Re: Moving string - number conversions to string libs

2001-12-03 Thread Simon Cozens

On Mon, Dec 03, 2001 at 05:42:15PM +, Alex Gough wrote:
 The string to number conversion stuff should really be done by the
 string encodings... I think this is the right way to get this
 happening, comments?

Looks like the right way to me. Could you commit it?

I suppose this is the time to declare that 0.0.4 will have all
the string encodings implemented to the same degree.

-- 
Everything that can ever be invented has been invented 
- Charles H. Duell, Commisioner of U.S. Patents, 1899.



Re: Moving string - number conversions to string libs

2001-12-03 Thread Alex Gough

On Mon, 3 Dec 2001, Simon Cozens wrote:

 On Mon, Dec 03, 2001 at 05:42:15PM +, Alex Gough wrote:
  The string to number conversion stuff should really be done by the
  string encodings... I think this is the right way to get this
  happening, comments?

 Looks like the right way to me. Could you commit it?


I've just realised that these were slightly wrong (as far as the future
goes), I'll fis them up tomorrow.

Alex Gough




Re: Moving string - number conversions to string libs

2001-12-03 Thread Tom Hughes

In message [EMAIL PROTECTED]
  Simon Cozens [EMAIL PROTECTED] wrote:

 On Mon, Dec 03, 2001 at 05:42:15PM +, Alex Gough wrote:
  The string to number conversion stuff should really be done by the
  string encodings... I think this is the right way to get this
  happening, comments?
 
 Looks like the right way to me.

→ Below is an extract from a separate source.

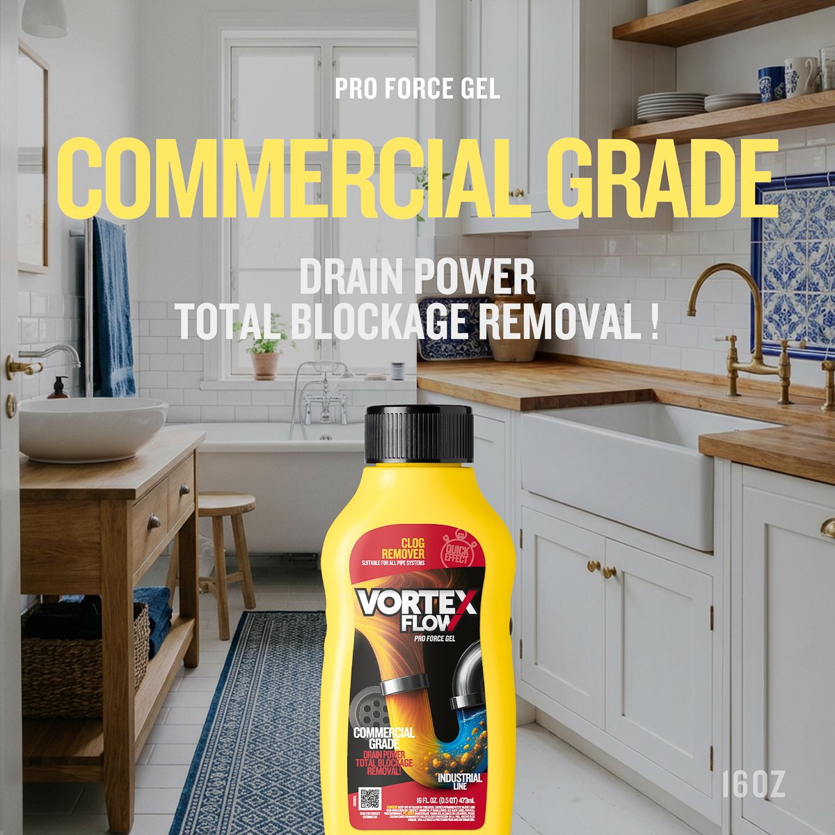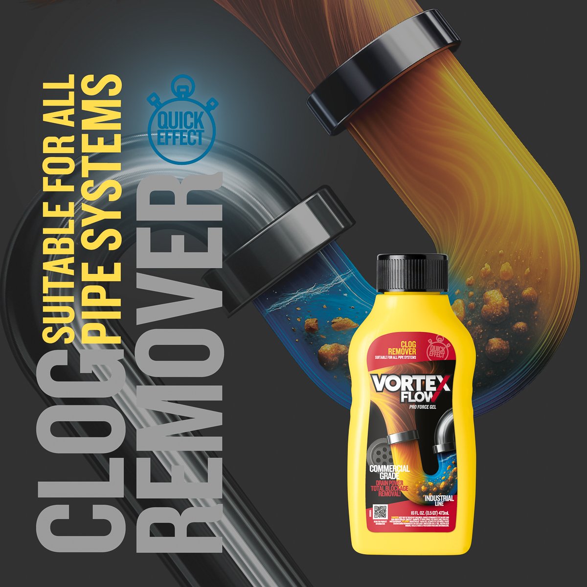 Vortex Flow Clog Remover delivers powerful performance to dissolve stubborn blockages and restore free-flowing drains. Its balanced formula penetrates deep into the clog to break down hair, grease, and soap scum effectively without damaging pipes.

Could you commit it?

It's completely wrong I would have thought - the encoding layer
cannot know that a given code point is a digit so it can't possibly
do string to number conversion.

You need to use the encoding layer to fetch each character and
then the character set layer to determine what digit it represents.

Tom

-- 
Tom Hughes ([EMAIL PROTECTED])
http://www.compton.nu/




Re: Moving string - number conversions to string libs

2001-12-03 Thread James Mastros

On Mon, 3 Dec 2001, Tom Hughes wrote:
 It's completely wrong I would have thought - the encoding layer
 cannot know that a given code point is a digit so it can't possibly
 do string to number conversion.

 You need to use the encoding layer to fetch each character and
 then the character set layer to determine what digit it represents.
Right.  And then you need to apply some unified logic to get from this
vector of digits (and other such symbols) to a value.

In other words, I think some sort of library rotuine is the Right Thing
here, it shouldn't pull (directly) off of any vtable.

I'm just having nightmares of subtily different definitions of what a
numeric constant looks like depending on the string encoding, because of
different bits o' code not being quite in sync.  Code duplication bad,
code sharing good.

(The charset layer should still be involved somewhere, because Unicode
(for ex) has a digit value property.  This makes, say, aribic numerials
(which don't look at all what what a normal person calls aribic numerals,
BTW) work properly.  (OTOH, it might also do strange things with ex
Hebrew, where the letters are also numbers (Aleph is also 1, Bet is also
2, etc.))

(Damm... when did I become such a Unicode fanatic.  The only language I
acatualy know doesn't even use most of Latin-1.)

-=- James Mastros
-- 
In the case of alchemy v chemistry the chemists know whether it will
probably go bang before they try it (and the chemical engineers still duck
anyway).   -=- Alan Cox